──────── AVAILABLE DATA ────────
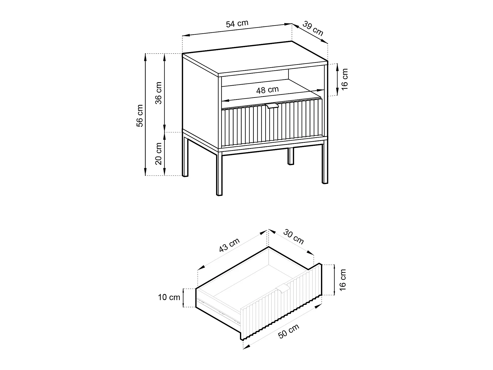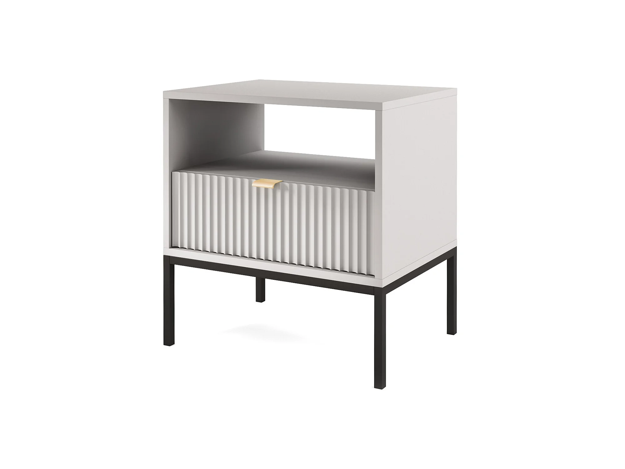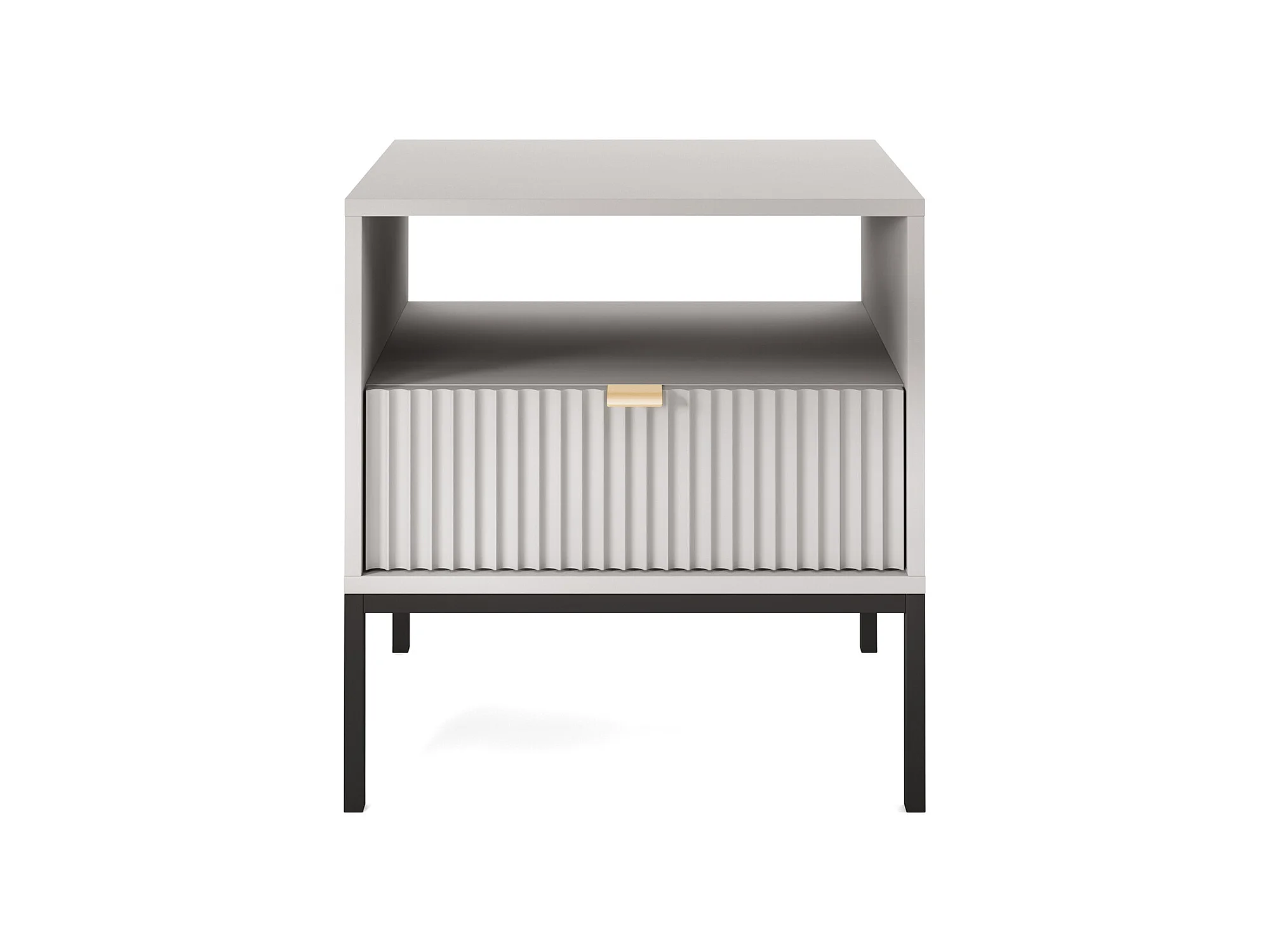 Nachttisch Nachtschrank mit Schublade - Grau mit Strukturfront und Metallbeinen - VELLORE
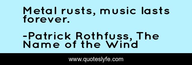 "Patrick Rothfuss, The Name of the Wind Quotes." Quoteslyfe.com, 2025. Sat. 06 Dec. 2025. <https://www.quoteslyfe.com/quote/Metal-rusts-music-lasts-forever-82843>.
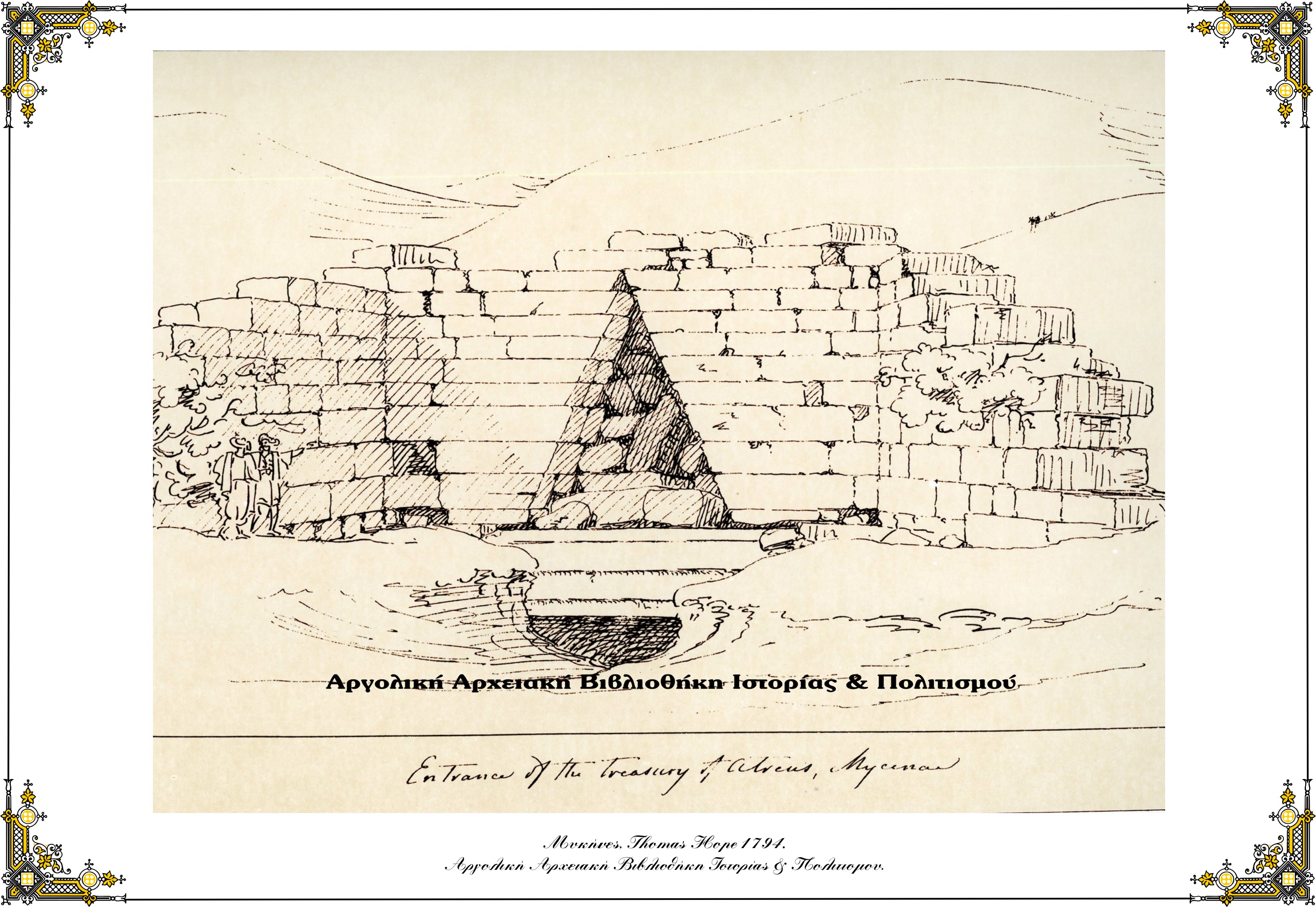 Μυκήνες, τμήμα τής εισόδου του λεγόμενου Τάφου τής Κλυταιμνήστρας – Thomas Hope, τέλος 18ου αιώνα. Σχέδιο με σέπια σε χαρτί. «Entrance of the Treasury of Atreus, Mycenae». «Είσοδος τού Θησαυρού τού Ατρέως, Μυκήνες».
────────
When you copy the data, keep every line exact and drop the pictures.

» **COMPLETED TASK**
 Nachttisch Nachtschrank mit Schublade - Grau mit Strukturfront und Metallbeinen - VELLORE
 "Patrick Rothfuss, The Name of the Wind Quotes." Quoteslyfe.com, 2025. Sat. 06 Dec. 2025. <https://www.quoteslyfe.com/quote/Metal-rusts-music-lasts-forever-82843>.
 Μυκήνες, τμήμα τής εισόδου του λεγόμενου Τάφου τής Κλυταιμνήστρας – Thomas Hope, τέλος 18ου αιώνα. Σχέδιο με σέπια σε χαρτί. «Entrance of the Treasury of Atreus, Mycenae». «Είσοδος τού Θησαυρού τού Ατρέως, Μυκήνες».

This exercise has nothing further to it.